Invadopodia degrade ECM in the G1 phase of the cell cycle

Abstract

Invadopodia are cancer cell protrusions rich in structural proteins (e.g. Tks5, cortactin) and proteases (e.g. MT1-MMP) and are responsible for degradation of the extracellular matrix (ECM). Tumor cell invasion and metastasis require cancer cells to be both proliferative and invasive, i.e. migrate through the tissue and assemble invadopodia. While several studies addressed how cell motility parameters change throughout the cell cycle, the relationship between invadopodia and cell cycle progression has not been elucidated.
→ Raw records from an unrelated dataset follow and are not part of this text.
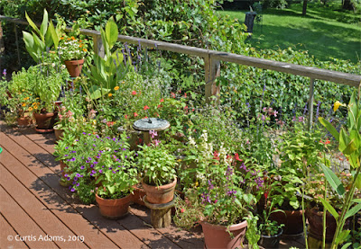 | While my vegetables are planted in neat rows, volunteer seedlings are filling in all the gaps. This photo was taken in mid-July so the salvia has not yet reached full size - it gets 'worse.' |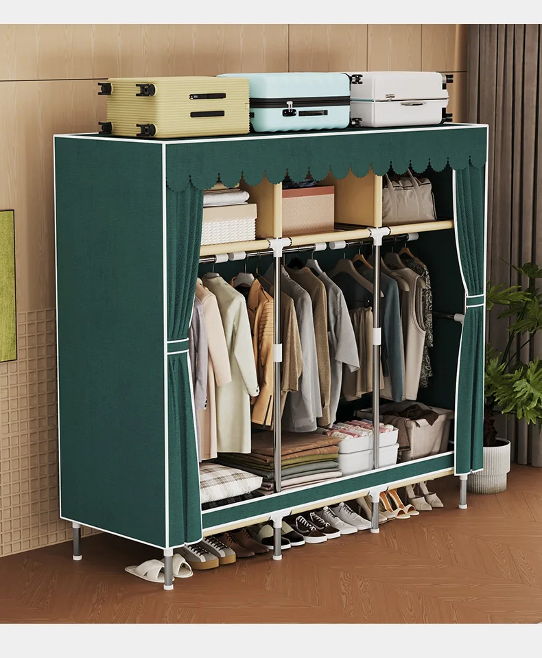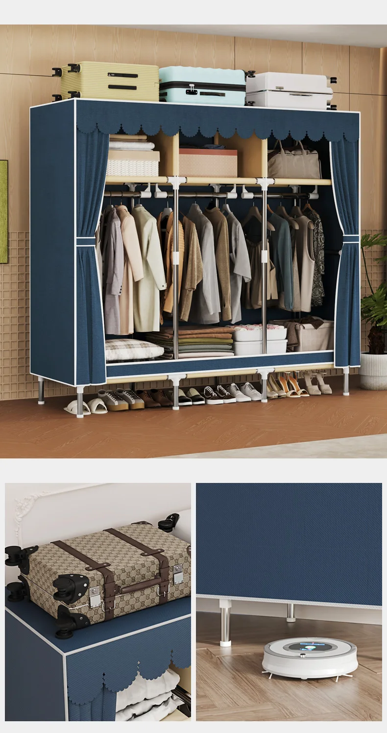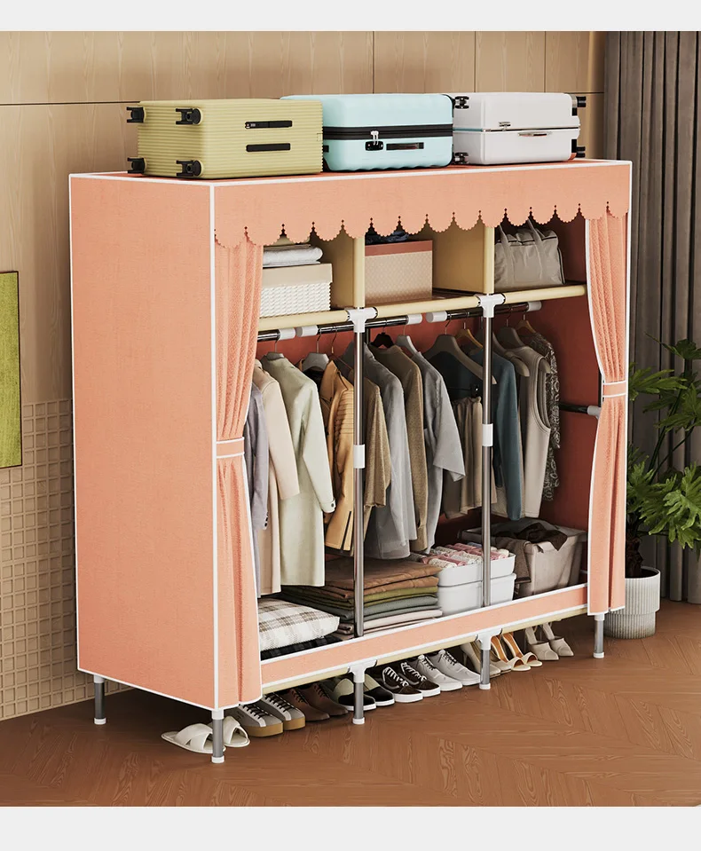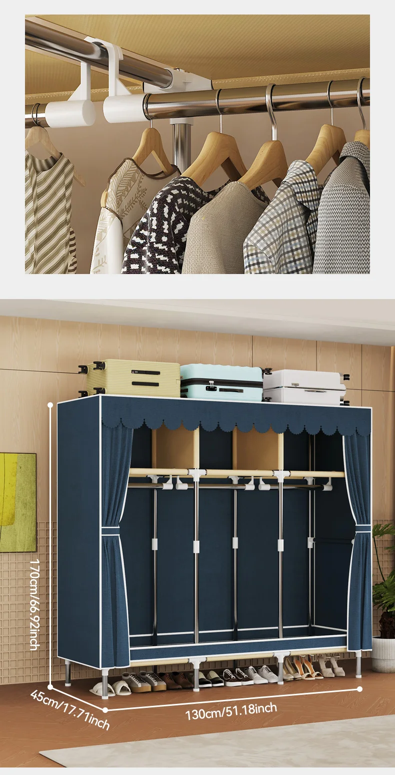 Simple wardrobe, modern minimalist fabric cabinet,Steel pipe frame is stable and durable,rental room, household bedroom storage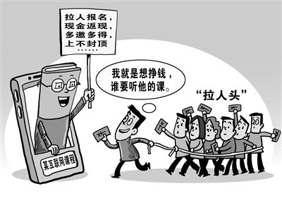 近日,“新世相”课程营销事件引发广泛关注。19日上午,不少人的微信朋友圈被一张互联网课程的海报刷屏。海报上,北京世相科技文化有限公司CEO的营销课程被标以9.9元的价格销售。3个多小时后,微信平台封停了该海报上的二维码,随后,不少购买者要求主办方退款。20日11时许,“新世相”称网友可在相关微信公众号申请退款。疯狂刷屏的网课购买,究竟是成功的营销还是违法的传销?“知识付费”如何在营销炒作与传道授业之间找到平衡点?(3月27日新华社)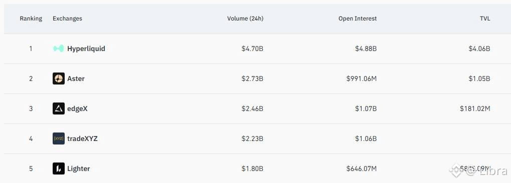 - Theo dữ liệu từ CoinGlass, Hyperliquid hiện ghi nhận gần 5 tỷ USD tổng số open interest, khoảng 4,7 tỷ USD khối lượng giao dịch trong 24 giờ và 4,06 tỷ USD TVL. Những con số này giúp Hyperliquid vượt qua nhiều đối thủ trong mảng perp DEX như Aster, Lighter và EdgeX.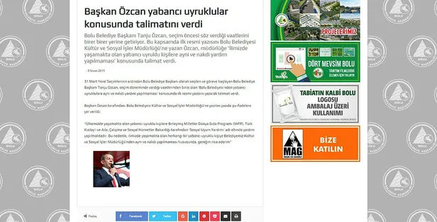 Çocuklarımızın iaşesini veriyoruz. Ben diğer yardım kurumlarına karışamam böyle bir yetkim yok; ama Bolu Belediyesi bütçesinden bir tek Suriyeliye tek kuruş yardım yapmayacağım'. Bunun gereği olarak da bu yazıyı yazdım. Bu çağrı daha önce ülke genelinde yankı bulmuştu. Ülkemizde herkes artık bu durumdan rahatsız. Katlanılmaz bir boyuta geldi" diye konuştu.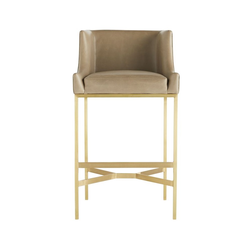 Pill Counter Stool with Upholstered Seat Gold / Cream Grey Boucle

In this study, using invadopodia- and cell cycle- fluorescent markers, we show in 2D and 3D cell cultures, as well as in vivo, that breast carcinoma cells assemble invadopodia and invade into the surrounding ECM preferentially during the G1 phase of the cell cycle. Cells synchronized in the G0/G1 phase of the cell cycle degrade at significantly higher levels during the first 20 hours post-synchronization release. Consistent with this, mRNA and protein levels of the invadopodia key components, cortactin and MT1-MMP, peak at 14 hours post-release. Cell cycle progression is faster in cells in which invadopodia are abolished (by Tks5 knockdown), evidenced by earlier induction of cyclins A and B. A close look at the regulators of G1 revealed that the overexpression of p27^kip1, but not p21^cip1, causes faster turnover of invadopodia and increased ECM degradation. Furthermore, both endogenous and over-expressed p27^kip1 localizes to the sites of invadopodia assembly. Taken together, these findings suggest that invadopodia function is tightly linked to cell cycle progression and is controlled by specific cell cycle regulators. Our results caution that this coordination between invasion and cell cycle must be considered when designing effective chemotherapies.